The 1974 Alabama gubernatorial election took place on November 5, 1974. Incumbent Democratic governor George Wallace was reelected in a landslide over his Republican opponent, businessman Elvin McCary. Wallace was the first Alabama governor to win election to a second consecutive term, as the state's Constitution was amended in 1968 to allow governors to serve a maximum two elected consecutive terms.

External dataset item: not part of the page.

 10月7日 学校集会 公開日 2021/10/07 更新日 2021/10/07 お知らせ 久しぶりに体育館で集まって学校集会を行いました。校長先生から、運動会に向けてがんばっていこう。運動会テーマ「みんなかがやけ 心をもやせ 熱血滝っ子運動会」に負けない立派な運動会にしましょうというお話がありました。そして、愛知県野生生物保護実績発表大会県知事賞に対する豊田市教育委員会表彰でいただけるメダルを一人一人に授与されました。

This was also Wallace's first campaign after having been paralyzed following being shot by Arthur Bremer in an assassination attempt during Wallace's run for the 1972 Democratic presidential nomination.

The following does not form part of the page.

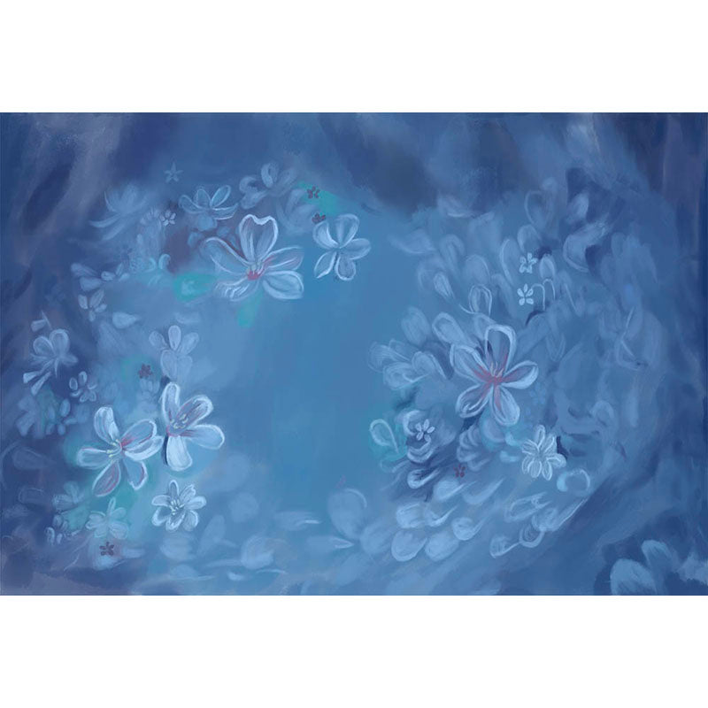 Avezano Cyan Tone Handpainted Floral Art Backdrop For Photography

As of 2022, this is the last time any gubernatorial candidate in Alabama won every county in the state.

==Democratic primary==
Primary elections were held on May 7, 1974.

===Candidates===
- Jim Folsom, former governor
- Gene McLain, former state representative
- Shorty Price, perennial candidate
- Thomas Robinson
- George Wallace, incumbent governor

===Results===

Results by county:

Democratic primary results
| Party |  | Candidate | Votes | % |
|---|---|---|---|---|
|  | Democratic | George Wallace (incumbent) | 536,235 | 64.79 |
|  | Democratic | Gene McLain | 249,035 | 30.09 |
|  | Democratic | Jim Folsom | 24,821 | 3.00 |
|  | Democratic | Shorty Price | 9,834 | 1.19 |
|  | Democratic | Thomas Robinson | 7,726 | 0.93 |
| Total votes |  |  | 827,651 |  |

==Republican primary==
- Elvin McCary, former state senator from Calhoun County and businessman

==Results==

1974 Alabama gubernatorial election
| Party |  | Candidate | Votes | % |
|---|---|---|---|---|
|  | Democratic | George Wallace (incumbent) | 497,574 | 83.16 |
|  | Republican | Elvin McCary | 88,381 | 14.77 |
|  | Prohibition | Jim Partain | 12,350 | 2.06 |
| Total votes |  |  | 598,305 | 100 |
|  | Democratic hold |  |  |  |

==Bibliography==
- "Gubernatorial Elections, 1787-1997"
- "America Votes 11: a handbook of contemporary American election statistics, 1974"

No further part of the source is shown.